The builder of our home painted/sealed, not sure what used, but see pic below. 

How can I get this removed and get down to the bare concrete so I can get the concrete look?


----------



## Scuba_Dave (Jan 16, 2009)

Sand blasting

Chemicals will take off the top layer
But the paint will absorb into the concrete
Not sure how succesful you will be


----------



## Tenacious--M (Jun 17, 2009)

Thanks SD!

Can you recommend a good cleaner that could help take the paint off. I was then thinking about a high psi pressure washer to remove....


----------



## Tenacious--M (Jun 17, 2009)

I was able to get the paint off using some Jasco Paint and Epoxy remover. Brushed it on with a broom and pressure washed off. Wasnt fun, but worked, eventually... 

So here is what I have to work with now. These stains were underlying and I cant get them off. Is there somethign that can be used to remove these stains?

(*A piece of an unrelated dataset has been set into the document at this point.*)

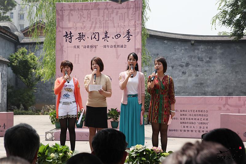 “烟雨重重 街与坊错落层叠 在初春的眸间 被圈圈渲染 款款盈动成诗……”29日,诗歌闪亮四季--庆祝“诗歌快闪”一周年诗歌朗诵会在三坊七巷举行。
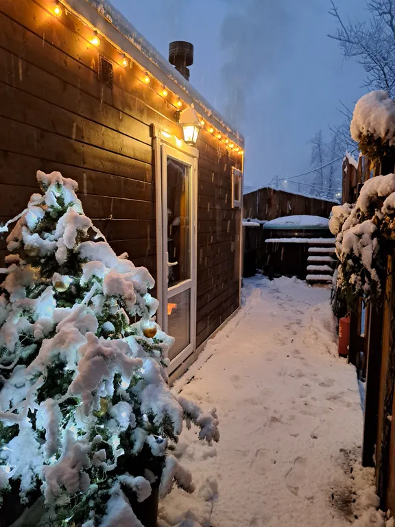 В домике очень тепло. Отапливается большим обогревателем, а также кондиционером.

The 3,500 psi pressure washer didnt even touch it...



.... I want to stain it a better color and put a nice protectoant over the top of that to give it a stone/granite look. 

How can I do this? Can anybody walk me through it?


----------



## PaliBob (Jun 11, 2008)

*Big Problem*


----------



## Tenacious--M (Jun 17, 2009)

PaliBob said:


> *Big Problem*



Im not following... can you explain?


----------



## PaliBob (Jun 11, 2008)

Don't you see the Monster?


----------



## jomama45 (Nov 13, 2008)

Belive it or not, If you plan on acid staining the patio, those spots should actually blend in just fine. They may actually add more intersest to the slab.


----------



## vsheetz (Sep 28, 2008)

jomama45 said:


> Belive it or not, If you plan on acid staining the patio, those spots should actually blend in just fine. They may actually add more intersest to the slab.


 
I was thinking the same - since the stains are so deeply into the concrete, best to try and work with them.


----------



## Tenacious--M (Jun 17, 2009)

Thanks! Thats good to know.

So what would be my next step to acid stain it? Im looking for a darker grey type color....


----------



## jomama45 (Nov 13, 2008)

Find a concrete supply yard that carries acid stain in your area & see if they will sell it to you as a HO. Some may not, as it is intended for professional use only. The only problem with acid staining in your situation is the color pallette is mostly reserved to tans & browns.


----------